* WHAT TO DO
Starting at the line that contains "防城港市创先争优优秀共产党员", output each line exactly as written through the end of the listing below, but leave out the pictures.

* DATA EXTRACT

[Start of section]

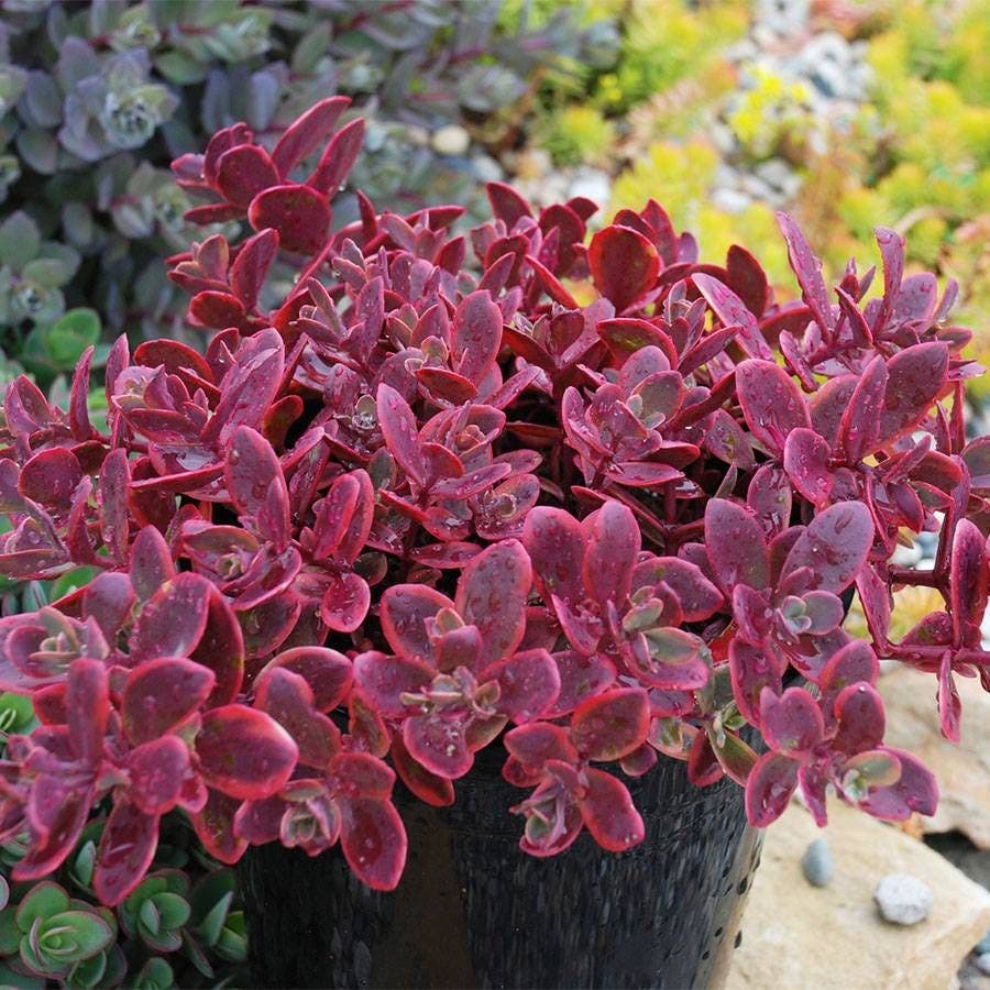 Showcasing vivid cherry red succulent foliage and glowing clusters pink summer flowers, Sedum SunSparkler® 'Wildfire' truly lives up to its name. Some plants are only interesting when they're in full bloom, but stonecrop stay appealing for most of the year. Sedum SunSparkler® 'Wildfire' blooms through fall, breathing new life into a relatively quiet season for the garden. This perennial is compact and a breeze to grow, needing next to no maintenance to rise and thrive in your garden. Sedum SunSparkler® 'Wildfire' is a durable plant that is native to mountainous areas making it quite comfortable in rocky terrain. If you've got a rough, uneven patch of land you'd like to spruce up with some color look no further than 'Wildfire' sedum. While it looks phenomenal in the ground it is also a feisty beauty in containers as well. Like most of its kind this succulent plant doesn't need a lot of moisture and performs best in well-drained soil.
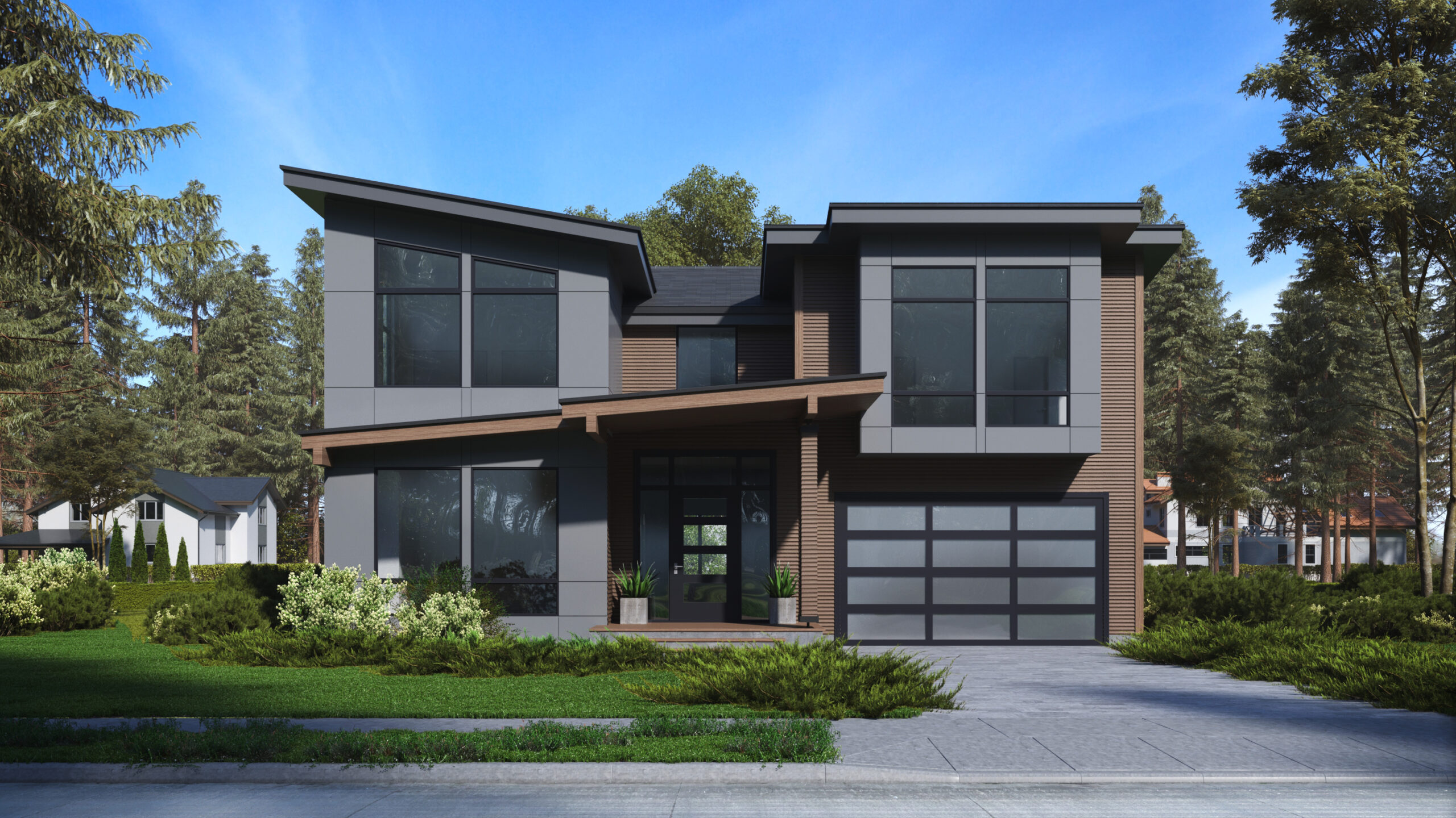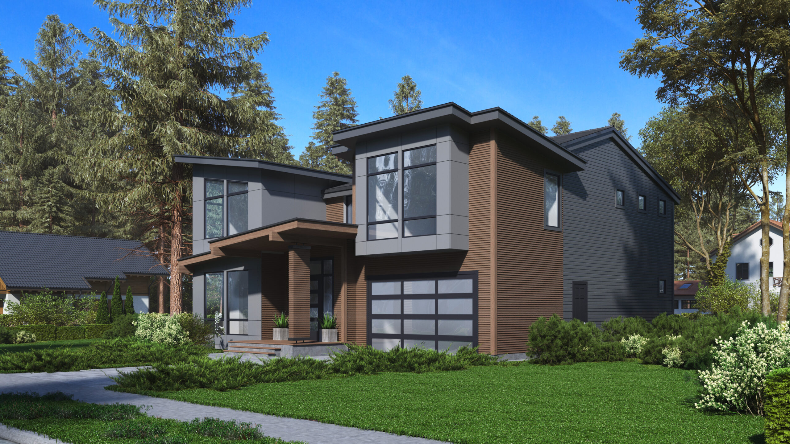- Slanted roof lines make the front elevation of this contemporary house plan stand out amongst the others, while large picture windows flood the interior with natural light.
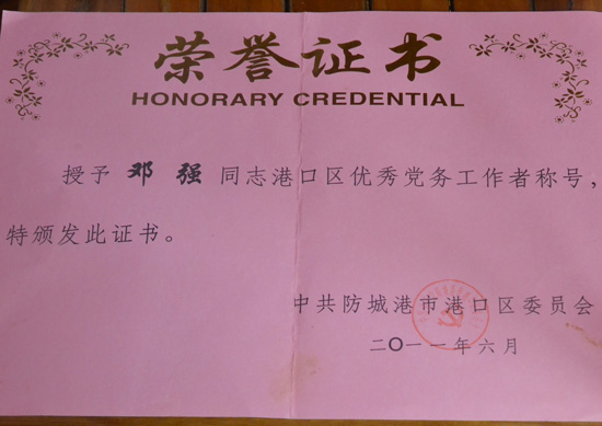 防城港市创先争优优秀共产党员
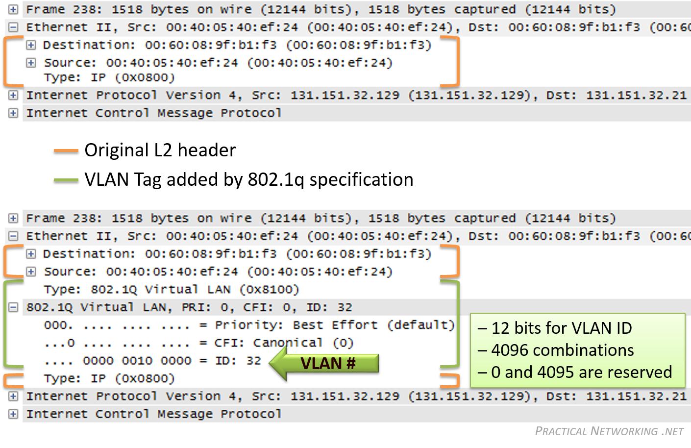 Frame entra al trunk → SE AÑADE etiqueta 802.1Q con VLAN ID

[End of section]

* WRITTEN SOLUTION
 防城港市创先争优优秀共产党员
 Frame entra al trunk → SE AÑADE etiqueta 802.1Q con VLAN ID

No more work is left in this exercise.